Your 6 gallons of 1.062 wort, combined with 4 gallons of 1.132 wort becomes 10 gallons of 1.090 wort.

What was the og of your barleywine supposed to be? If the barlewine wa ssupposed to be lower, then use less.

10 pounds of extract makes the og of the 10 gallons at 1.081
8 pounds makes it 1.072

You may want to run some numbers in software and figure out IBUs you might want to hop it at. Or just go with it unhopped but depending on your bitterness it might be too sweet.
 
So a quick update. Took a reading today to be sure the yeast had pushed through okay. Had two days of strong activity and then nothing. Not a big deal, some beers ferment fast, just wanted to be sure it actually fermented rather than stalled.

Got down to 1.018. Sounds good to me. I expect a couple more points will be shaved off over the next couple of weeks.

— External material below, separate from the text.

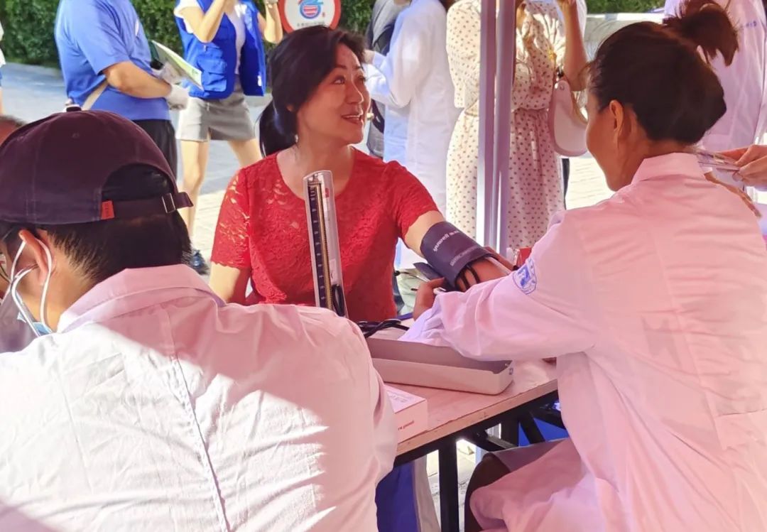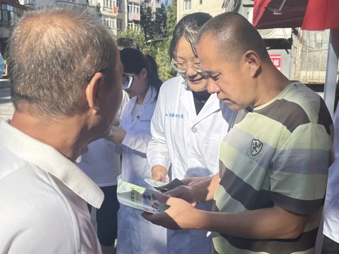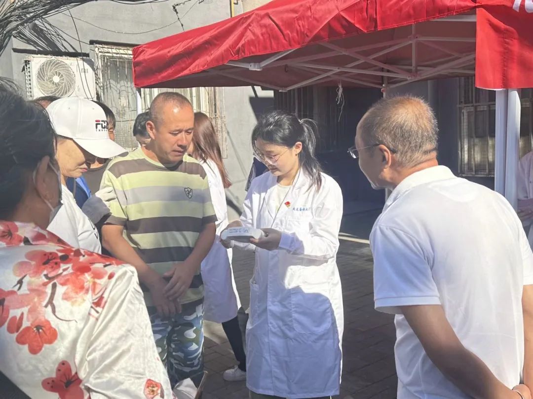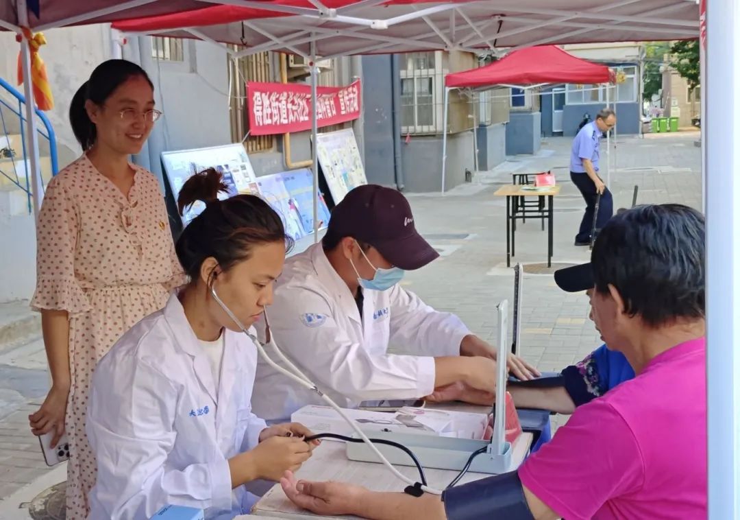 活动现场,学生党员及入党积极分子为社区居民进行健康义诊,给广大居民测量了血压和体脂,分发了预防疾病知识宣传手册。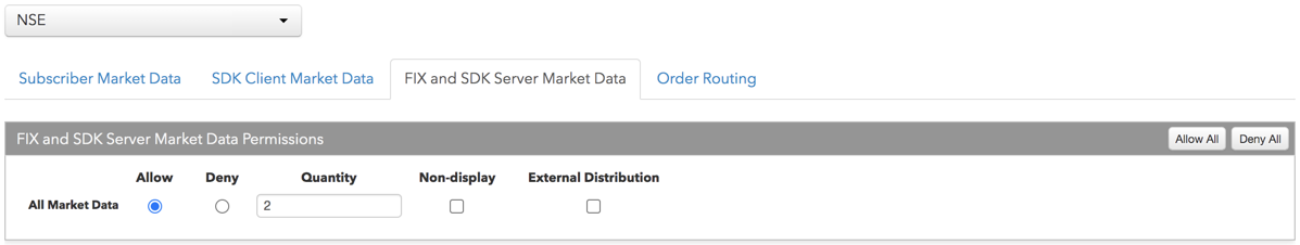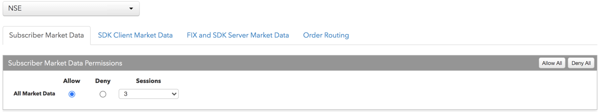 - [Subscriber Market Data] タブをクリックして、取引所で利用可能なすべてのマーケット データへのアクセスを許可または拒否できます。

The beer itself? Hot and harsh, surprisingly so. Characteristics I'd expect from a very young barleywine

Still way to early to tell how it will turn out, and historically I'm pretty bad at judging pre-carbonated, pre-conditioned beer. So we'll see. I had planned to lay this one down when it was a barleywine. May just end up doing that anyway. Expect I won't get a real taste of this one for another six weeks or so.